**Records shown**
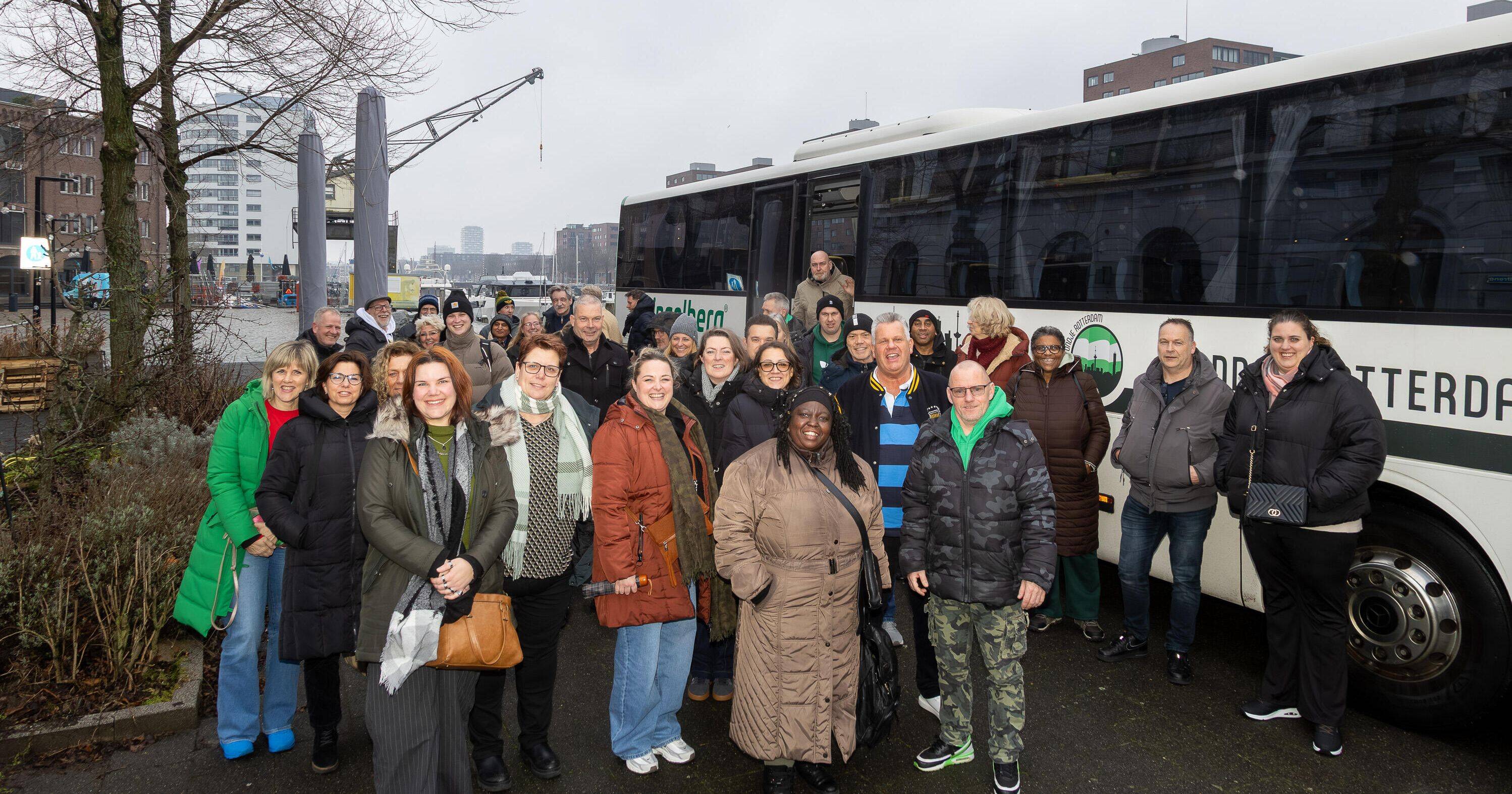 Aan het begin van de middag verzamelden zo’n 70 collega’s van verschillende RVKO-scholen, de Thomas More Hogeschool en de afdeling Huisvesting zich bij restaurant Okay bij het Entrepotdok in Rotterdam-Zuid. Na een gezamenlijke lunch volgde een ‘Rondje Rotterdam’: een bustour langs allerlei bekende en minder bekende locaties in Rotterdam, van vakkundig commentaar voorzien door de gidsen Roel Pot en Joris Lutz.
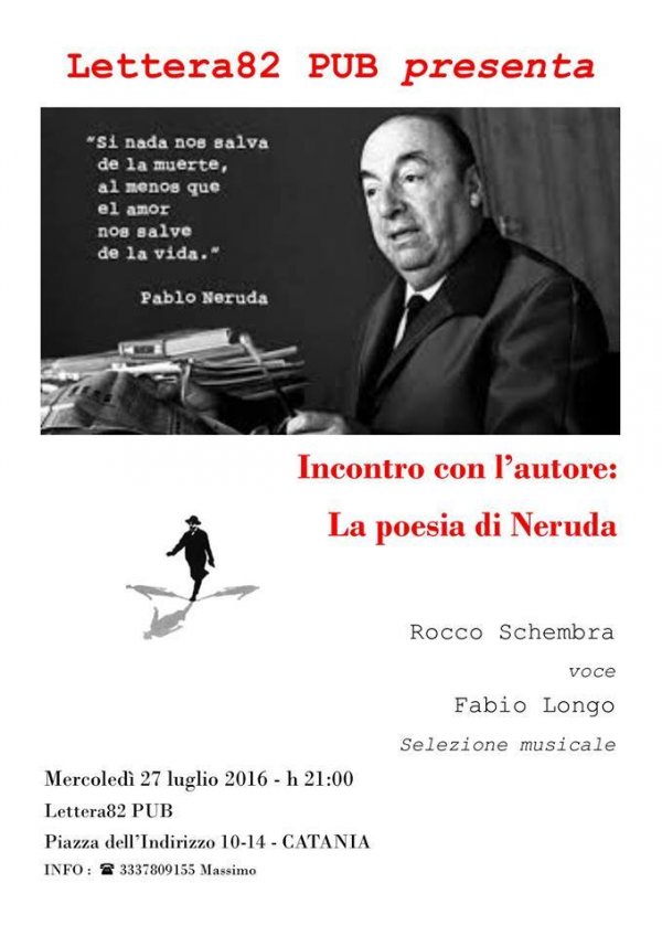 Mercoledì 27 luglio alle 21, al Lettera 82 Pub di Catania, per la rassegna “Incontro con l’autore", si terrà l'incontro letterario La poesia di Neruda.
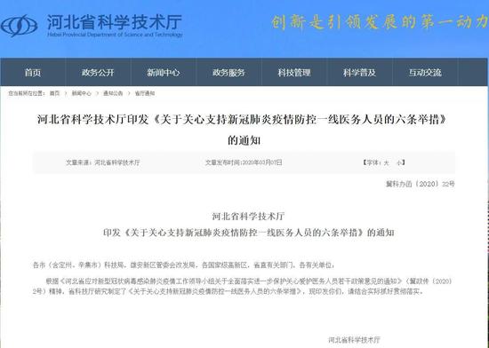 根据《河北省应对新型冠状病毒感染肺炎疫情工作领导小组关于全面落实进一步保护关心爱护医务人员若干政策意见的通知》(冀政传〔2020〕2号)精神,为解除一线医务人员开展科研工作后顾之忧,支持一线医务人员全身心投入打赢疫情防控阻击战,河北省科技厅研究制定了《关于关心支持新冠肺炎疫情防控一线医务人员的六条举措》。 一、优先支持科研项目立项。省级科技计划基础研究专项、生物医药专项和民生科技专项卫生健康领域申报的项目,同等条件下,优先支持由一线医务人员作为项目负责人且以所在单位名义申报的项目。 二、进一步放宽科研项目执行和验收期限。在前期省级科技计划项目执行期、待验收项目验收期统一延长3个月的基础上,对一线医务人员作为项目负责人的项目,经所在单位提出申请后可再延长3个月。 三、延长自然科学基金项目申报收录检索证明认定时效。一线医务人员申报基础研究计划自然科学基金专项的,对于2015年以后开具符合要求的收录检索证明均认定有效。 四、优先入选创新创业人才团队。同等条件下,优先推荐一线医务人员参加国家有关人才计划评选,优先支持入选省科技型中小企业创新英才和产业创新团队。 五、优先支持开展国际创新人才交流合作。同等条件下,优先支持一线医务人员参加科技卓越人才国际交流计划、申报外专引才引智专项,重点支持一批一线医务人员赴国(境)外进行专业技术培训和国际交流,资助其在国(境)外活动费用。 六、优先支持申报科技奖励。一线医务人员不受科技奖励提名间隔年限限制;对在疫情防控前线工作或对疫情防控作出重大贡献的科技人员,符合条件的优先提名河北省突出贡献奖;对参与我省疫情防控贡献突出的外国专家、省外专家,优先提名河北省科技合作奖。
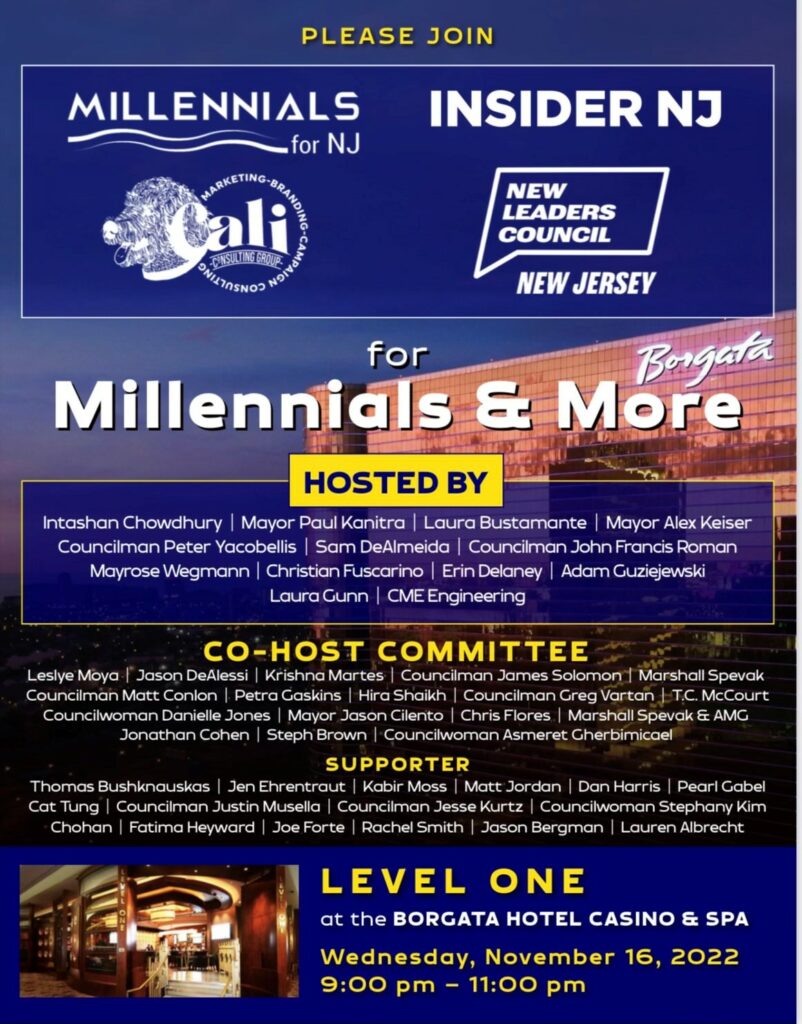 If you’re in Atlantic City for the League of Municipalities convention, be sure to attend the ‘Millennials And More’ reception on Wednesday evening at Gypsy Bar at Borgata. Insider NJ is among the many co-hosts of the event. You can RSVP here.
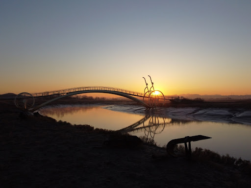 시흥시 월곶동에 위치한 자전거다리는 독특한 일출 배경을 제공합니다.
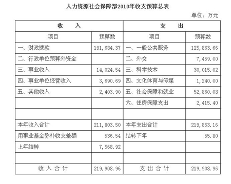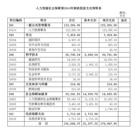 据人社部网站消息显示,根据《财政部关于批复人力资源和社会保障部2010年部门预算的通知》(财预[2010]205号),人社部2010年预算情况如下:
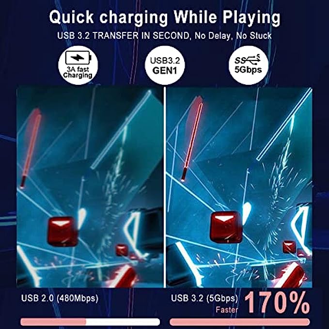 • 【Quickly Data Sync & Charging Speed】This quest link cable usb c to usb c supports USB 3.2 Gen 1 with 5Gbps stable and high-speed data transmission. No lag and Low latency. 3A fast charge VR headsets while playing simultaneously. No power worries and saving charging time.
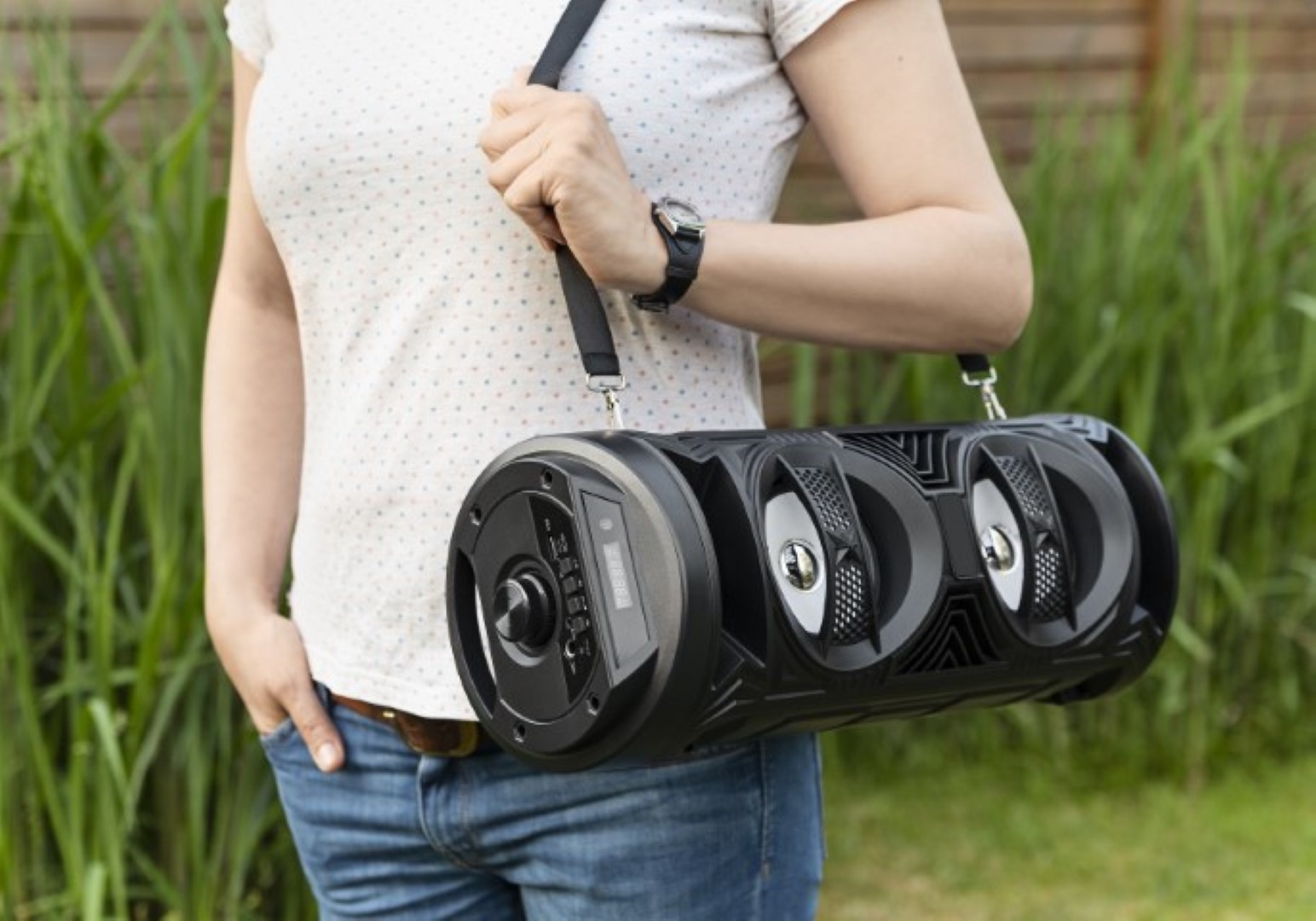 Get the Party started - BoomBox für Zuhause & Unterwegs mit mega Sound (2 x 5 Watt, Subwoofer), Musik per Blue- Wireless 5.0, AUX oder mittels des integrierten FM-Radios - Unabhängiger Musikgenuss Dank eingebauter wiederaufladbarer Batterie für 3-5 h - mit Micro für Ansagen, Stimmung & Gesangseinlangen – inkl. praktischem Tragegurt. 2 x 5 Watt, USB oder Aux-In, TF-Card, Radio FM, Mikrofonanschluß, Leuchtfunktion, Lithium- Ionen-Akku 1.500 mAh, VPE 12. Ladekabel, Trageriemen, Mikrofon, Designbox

**Goal of the exercise**
Reproduce, word for word, the lines from the one containing "据人社部网站消息显示,根据《" to the end of the material, both ends included. No picture is copied.

**Written solution**
 据人社部网站消息显示,根据《财政部关于批复人力资源和社会保障部2010年部门预算的通知》(财预[2010]205号),人社部2010年预算情况如下:
 • 【Quickly Data Sync & Charging Speed】This quest link cable usb c to usb c supports USB 3.2 Gen 1 with 5Gbps stable and high-speed data transmission. No lag and Low latency. 3A fast charge VR headsets while playing simultaneously. No power worries and saving charging time.
 Get the Party started - BoomBox für Zuhause & Unterwegs mit mega Sound (2 x 5 Watt, Subwoofer), Musik per Blue- Wireless 5.0, AUX oder mittels des integrierten FM-Radios - Unabhängiger Musikgenuss Dank eingebauter wiederaufladbarer Batterie für 3-5 h - mit Micro für Ansagen, Stimmung & Gesangseinlangen – inkl. praktischem Tragegurt. 2 x 5 Watt, USB oder Aux-In, TF-Card, Radio FM, Mikrofonanschluß, Leuchtfunktion, Lithium- Ionen-Akku 1.500 mAh, VPE 12. Ladekabel, Trageriemen, Mikrofon, Designbox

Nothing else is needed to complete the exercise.